# Give this man a lathe! Wooden 4cyl air engine. No Lathe work



## Tomo1 (Aug 19, 2013)

It never ceases to amaze me what people can do without a lathe.

This guy builds wooden air engines. http://m.youtube.com/watch?feature=relmfu&v=IHJDU181K80

His mini V8 is a little basic but considering his tools it's pretty good.
Imagine what he could come up with if given a metal lathe?

Might give it a go while I wait to buy my new lathe. Good conversation starter for the work desk.

While on the topic I remember reading about a flash steam teather boat racer who before he had a lathe made steam engines for little straight running boats out of cans and brass pipe. Yep can tell it was before tv came in!


----------



## jwcnc1911 (Aug 19, 2013)

I've seen those before and they are amazing.  It even appears to be balanced better than many model engines made of metal on lathes and mills.


----------



## Wizard69 (Aug 21, 2013)

Tomo1 said:


> It never ceases to amaze me what people can do without a lathe.
> 
> This guy builds wooden air engines. http://m.youtube.com/watch?feature=relmfu&v=IHJDU181K80
> 
> ...


You never know.   He may have no interest at all in metal lathes.  


> Might give it a go while I wait to buy my new lathe. Good conversation starter for the work desk.
> 
> While on the topic I remember reading about a flash steam teather boat racer who before he had a lathe made steam engines for little straight running boats out of cans and brass pipe. Yep can tell it was before tv came in!


If these are what I think you are talking about people still make them.    They basically run on puffs of steam.   Pretty cool actually.


----------



## Tomo1 (Aug 21, 2013)

So true, Most talented woodworkers don't enjoy working with steel. 

At high school I was always frustrated in woodworking class. Especially on the lathe, as everything looked nice and polished until it stopped turning  But recently have found carving wooden fishing lures rather relaxing! ( and cheaper when the snag/rock fish doesn't want to give the, back! )

On the hand made steam engine I think it was a type of wobbler? Maybe wrong though. Those put put engines that run on puffs of steam are quit amazing though. I'll never forget the local agricultural show when I was about 10. A man was selling put put boats ($6) and I spent ages transfixed watching his display ones Merrily putting around a tank of water. Sadly my $10 spend limit was already maxed on the mega choc show bag back when they had a decent amount in them. Always wondered how they worked until I googled it a few years back. Sad most kids will never see one work when they are so easy to build and fun to play with.


----------



## ConductorX (Aug 21, 2013)

Wizard69 said:


> You never know.   He may have no interest at all in metal lathes.
> 
> If these are what I think you are talking about people still make them.    They basically run on puffs of steam.   Pretty cool actually.

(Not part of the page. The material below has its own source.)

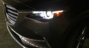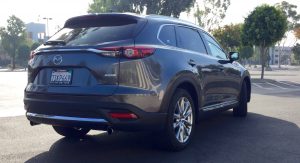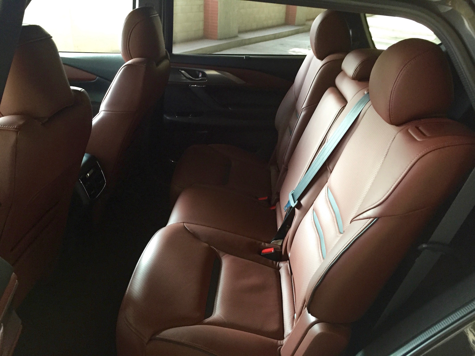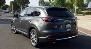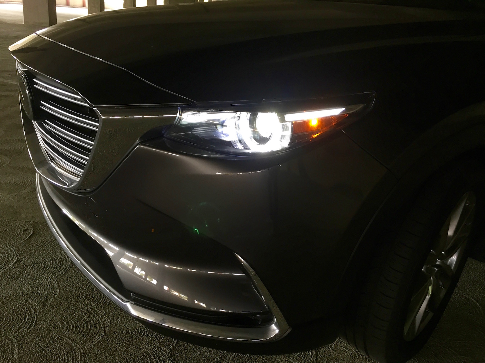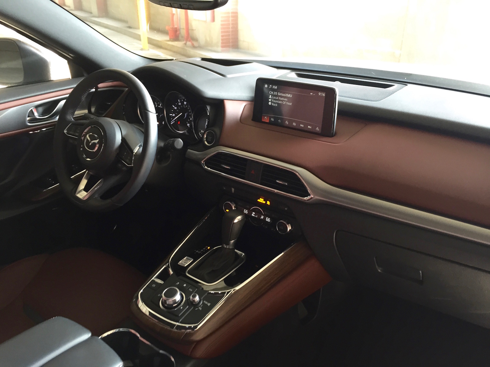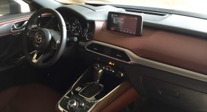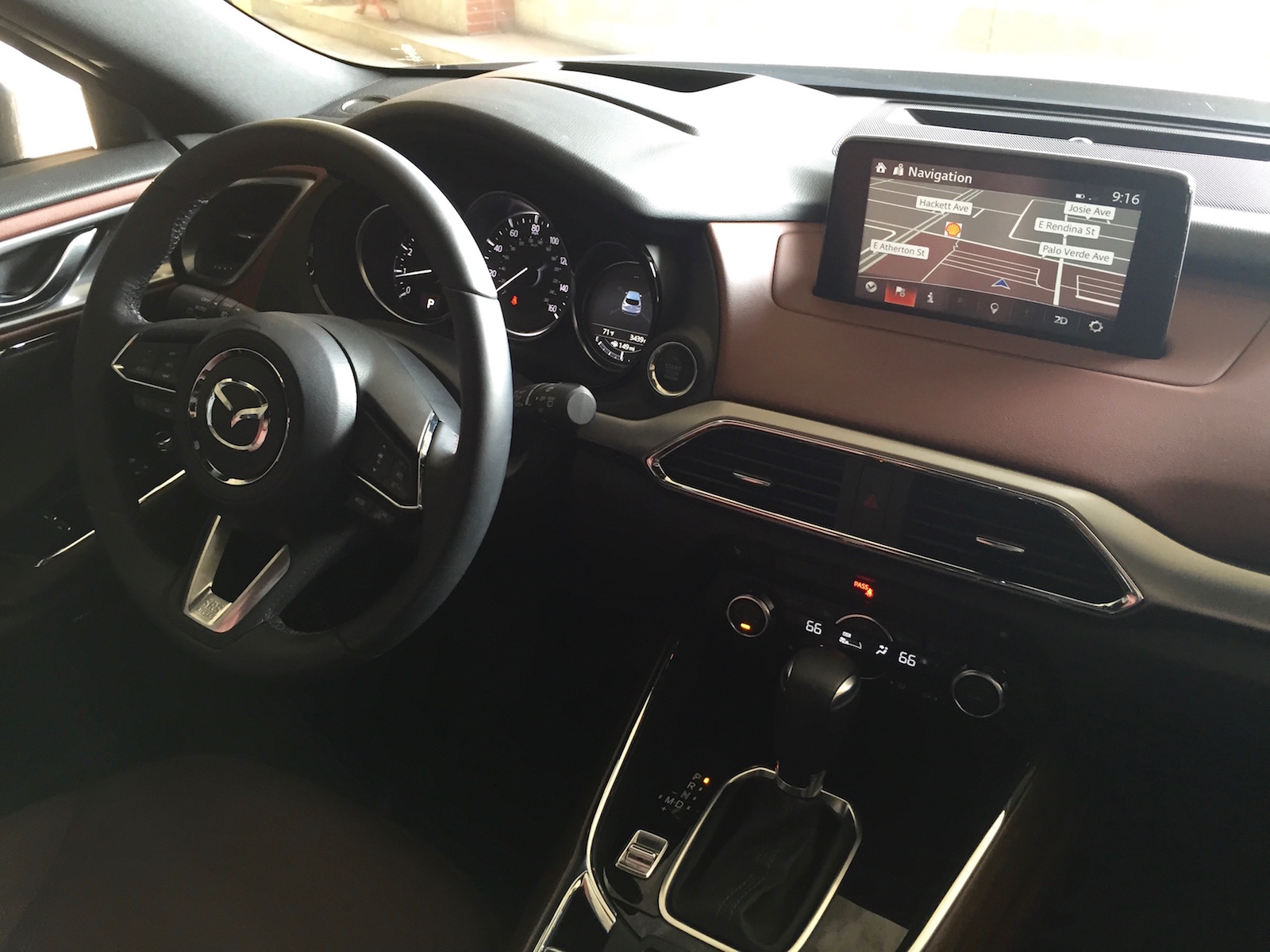 The exterior design cues are largely reminiscent of what’s been on all Mazdas since the first-generation CX-5 compact SUV bowed in 2012, although they’re inflated to 125 percent on the CX-9. Greater attention to detail on the top Signature model brings nicer finishes for the grille and wheels than on other recent Mazdas, which is also welcome.

I helped my daughter make a steam boat for a Science Fair.  It used a candle to heat a copper coil, both open ends were in the water.  I bent the tubing, she built the boat, demonstrated it and wrote up the paper.  She won first in her school and district science fairs with it.

"G"


----------



## amvolk (Aug 21, 2013)

I've seen the plans for this engine and one like it that is rotary.  The value for each piston is in the adjacent cylinder.  Quite a clever scheme.  While he doesn't use a metal lathe (like me), he does use metal for the piston/valve, cylinders and shafts.  If you want to see an all wood machine, go to http://woodgears.ca/air_engine/index.html. Very basic design but all wood.  One builder posted a video on youtube with the engine going over 1000 RPM (http://woodgears.ca/reader/zorn.html) just using the power from a central vacuum system.  Not bad!  Don't poo-poo wood.


----------